So I thought that the comments an answers brought up a great point about increasing the doors to 100 or something much larger, and using that as a way to help visualize why switching is always the best choice when trying to explain the problem to others.

And then I was thinking about the game show, Deal or No Deal. For those unfamiliar with Deal or No Deal: there are 26 cases, each containing amounts of money ranging from \$0.01 to one million dollars. You choose one case, and it's "yours" and out-of-play (this is analogous to choosing the first door in the Monty Hall problem). Throughout the game you open 24 of the remaining cases, and you see how much money was in each case.

In the end, you are left with 2 cases: "your" case, that you chose in the beginning, and the only other case you didn't open. This is where it becomes Monty Hall: you can either choose to keep your case, or switch cases and get the other one.

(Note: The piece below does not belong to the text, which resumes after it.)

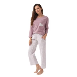 Piżama damska 339 J/25 to wygodny komplet stworzony z myślą o kobietach, które cenią subtelny styl i naturalne materiały. Bluzka z rękawem 7/8 w odcieniu kakao została wzbogacona o kieszonkę z tym samym wzorem, co spodnie, tworząc spójną, estetyczną całość. Spodnie o długości 7/8, z kieszeniami, zdobione są delikatnym motywem beżowych rozetek na tle ecru. Wykonana w 100% z bawełny piżama jest miękka, oddychająca i doskonała na każdą porę roku.

So what I'm wondering is, does the Monty Hall logic of "always switch doors/cases" apply here? The differences:

1) It's not a case of there being simply 1 car and a bunch of goats. All the money values are different in each case. You aren't always going to end up with a choice between a million dollars or something small... The two remaining cases might end up being \$10,000 and \$250,000. Or it might be \$10 and a million dollars. Or \$10 and $100.

2) I think part of what makes Monty Hall work is that the car always remains in play. Your first choice is a 1/26 probability of selecting the car/million dollar case. But in Deal or No Deal, the car/million dollar case can be eliminated partway through the game. So I'm thinking that probably changes things.

My first vague thoughts are... If you make it to the end and the million dollar case still is in play, Monty Hall applies and you should switch cases. Because it's the same idea; I had a 1/26 shot at the million. 24 have been eliminated. It's much more likely that the other case has the million.

But if the million is eliminated while you're playing, what then? Can Monty Hall not help us, because you can't compare the probability of selecting the million dollar case because now it's zero? I'm trying to think of a way to figure out whether or not you should switch, in an attempt to get the case with the most money in it. We know that \$1,000,000 is no longer available. But is there anything we can do to decide which case is likely to be more valuable? Or is this outside Monty Hall's bounds?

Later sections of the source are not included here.